巡礼街道沿いにある「なか卯」の裏手に、今は使われてない古代の水路遺構があります。宇宙からもこの遺跡を確認できます。知らぬ間に撤去され、集合住宅や駐車場になる前に、調査・記録したいと思います。
■小田原の世界遺産の概要
宇宙から見ると
謎の世界遺産は、写真中央から左下に続く円弧上の水路跡です。
なんと、写真左下の日立建機っぽい色のパワーショベルが遺構を埋め立てており、近い将来にはレオパレスか大東建託などの集合住宅か、駐車場にされてしまう恐れがあります。
これは絶対に、その記録を後世に残さないと!
■いつ頃作られたのか?
まずは、いつもお世話になっております国土地理院の航空写真で調べてみましょう。
1952年(昭和27年)には存在してません。1961年(昭和36年)には出来上がっているので、建設は昭和28〜35年あたり。だいぶ絞り込めました。
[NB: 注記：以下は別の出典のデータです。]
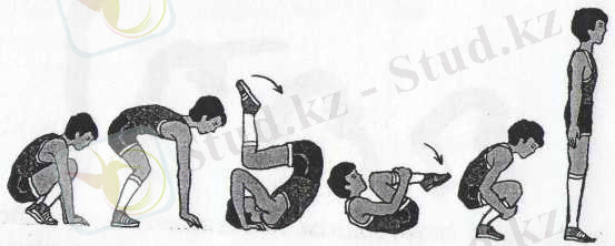 3. Қолды тіреп отыру және төмен басылып отыру қалпынан артқа қарай домалап түсу.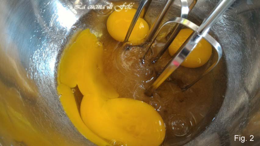 À parte, em outra tigela, bata com os batedores elétricos os ovos com o açúcar e o aroma de amêndoa por vários minutos (fig. 2).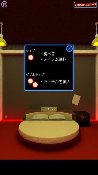 脱出ゲーム「Rolling Bed」 無料 0 評価する 送信する 舞台はどこかの街のどこかのホテル。 ふと意識の戻ったあなたは、 回転ベッドが鎮座する一室に閉じ込められていた…… なぜ閉じ込められたのか。 そしてここはどこなのか。 その謎は脱出すればわかるはず!? ※ 公開停止 3Dグラフィックで表現された、ホテルの室内からの脱出ゲーム。 気になる場所をタップして調べ、移動は左右にフリックする事で行う。 攻略その1 攻略その2 攻略その3 攻略その4 攻略その5

ちなみにKanatec本人は昭和36年製(築61年)なので、この水路の方がちょっとだけ先輩のようです。
■何の目的で作られたのか?
流路の形状と、酒匂堰が下菊川より数m高いところを流れている地形から見て、「酒匂堰→下菊川」への水路のように見えます。
その目的は以下のいずれか;
- 酒匂堰が増水し下流域での氾濫の恐れが生じた際、下菊川に水を放水する役割
- 下菊川の下流域で渇水が生じた際、酒匂堰の水を下菊川流域に供給する役割
考察1 :明らかに下菊川のほうが流量のキャパが少なく、鴨宮台地の谷部分の低地を流れているので、氾濫のリスクは酒匂堰より高いです。この状況下で、敢えて下菊川に放水するのは危険な気がします。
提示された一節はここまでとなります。